▶ **DIRECTIONS FOR THIS TASK**
Unless a line falls after the one with "ราคาทองในประเทศพักตัวลงตามทองโลก ในขณะที่ค่าเงินบาท Sideway", retype it exactly from the records below; leave out all pictures.
§
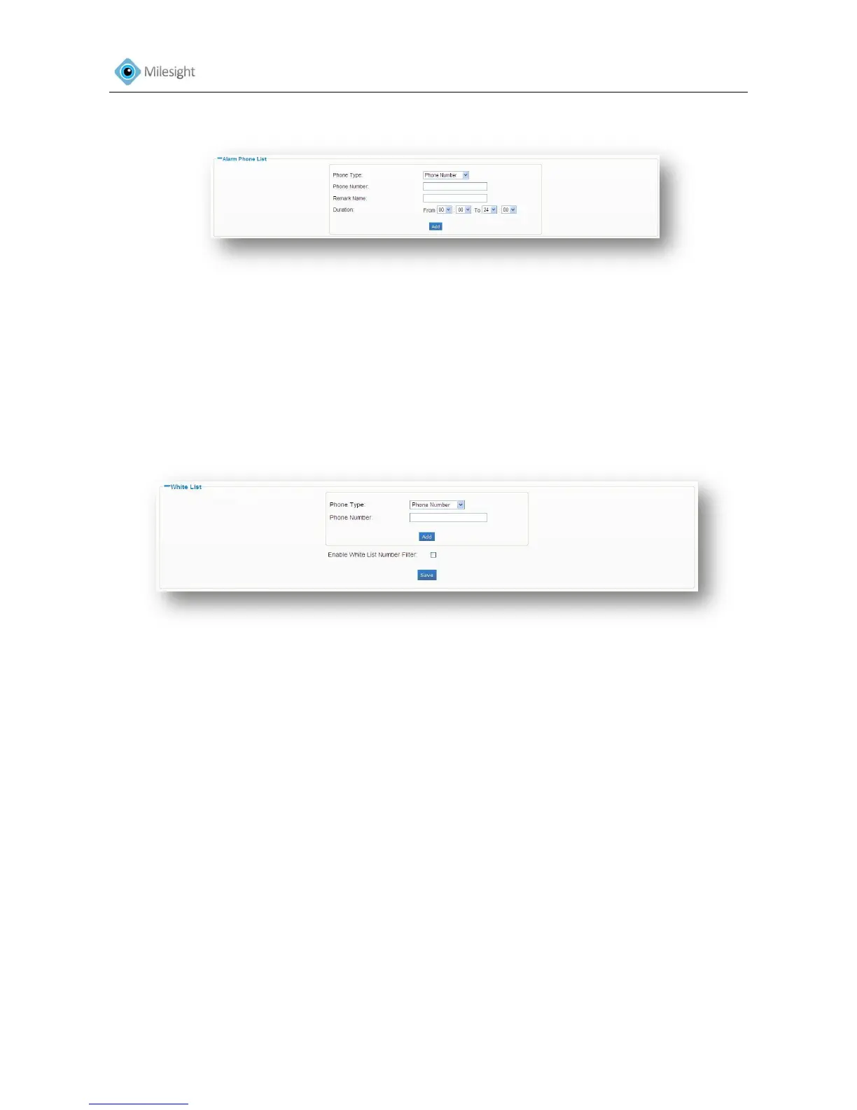 Enable White List Number Filter When enabled, only the designated phone number or IP
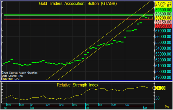 ราคาทองในประเทศพักตัวลงตามทองโลก ในขณะที่ค่าเงินบาท Sideway จึงแนะนำเข้าซื้อสะสมแนวรับที่ระดับ 59,150 บาท และขายทำกำไรหากราคาทดสอบแนวต้านที่ 59,600 บาท แต่หากราคาหลุดแนวรับที่ 58,950 บาท แนะนำขายตัดขาดทุน
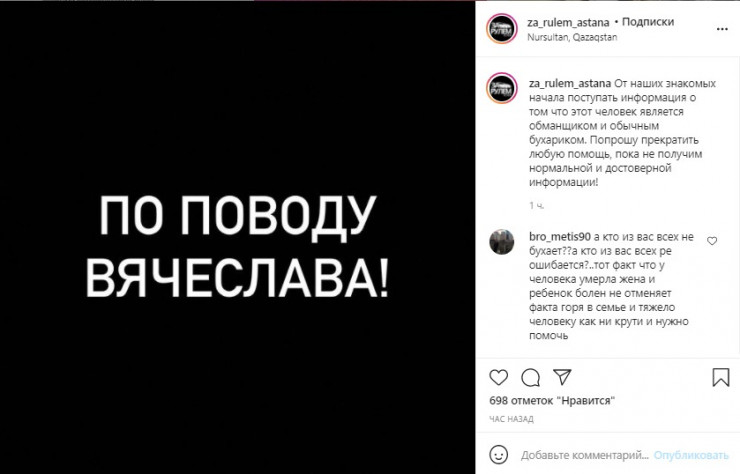 Позже в одном из столичных пабликов в Instagram казахстанцев призвали приостановить сборы средств для Вячеслава из-за информации, что "человек является обманщиком". Администратор страницы при этом отметил, что ожидает достоверной информации.
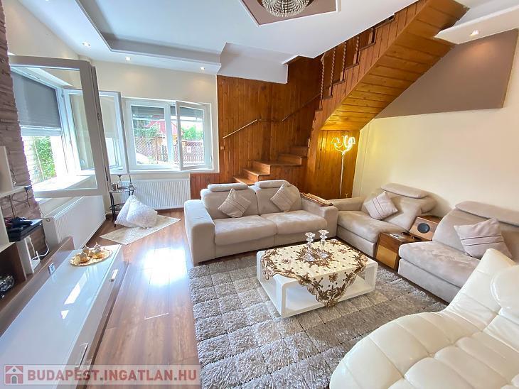 XVI. KERÜLETBEN: RÁKOSSZENTMIHÁLY EGYIK CSENDES UTCÁJÁBAN ELADÓ, EGY FELÚJÍTOTT, 130 M2-ES, 461 M2-ES TELEKKEL, 2 ERKÉLLYEL, TERASSZAL, GARÁZZSAL RENDELKEZŐ IKERHÁZFÉL!
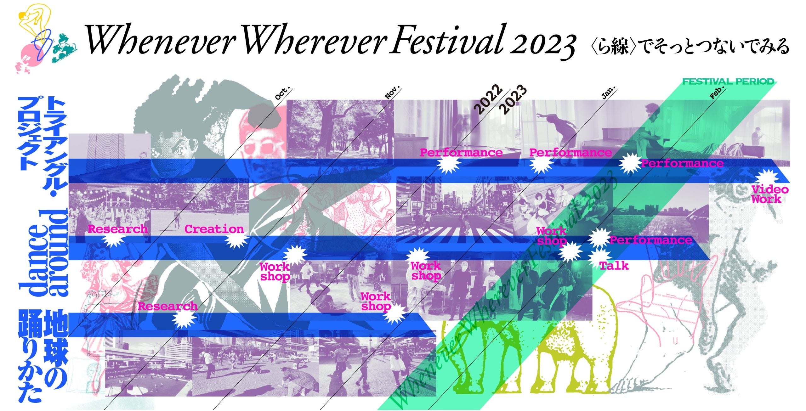 WWFes2023では、場所を複数の身体が横断するとき創発され形づくられる環境を、〈アラウンドネス〉と捉えてみたいと思います(何かの周辺を指す〈◯◯らへん〉と呼ばれる広がりを思い浮かべてみてください)。そこには、固有の体験や知覚を伴って醸成される、地図とは異なる空間が浮かび上がってくるはずです。ダンスやパフォーマンスと生活空間が隣りあう、さまざまな〈アラウンドネス〉を透かし見ながら発見すること。そして、緩やかに関連しあう複数のプロジェクトを、時空を超えた〈ら線〉でそっとつないでみる試みがWWFes2023です。- ピックアップ・プログラム
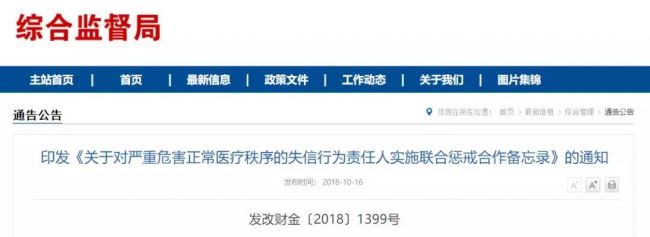 2018年10月,国家发展改革委、国家卫生健康委等28部门联合印发了《关于对严重危害正常医疗秩序的失信行为责任人实施联合惩戒合作备忘录》,明确规定:
§
▶ **YOUR RESPONSE**
 Enable White List Number Filter When enabled, only the designated phone number or IP
 ราคาทองในประเทศพักตัวลงตามทองโลก ในขณะที่ค่าเงินบาท Sideway จึงแนะนำเข้าซื้อสะสมแนวรับที่ระดับ 59,150 บาท และขายทำกำไรหากราคาทดสอบแนวต้านที่ 59,600 บาท แต่หากราคาหลุดแนวรับที่ 58,950 บาท แนะนำขายตัดขาดทุน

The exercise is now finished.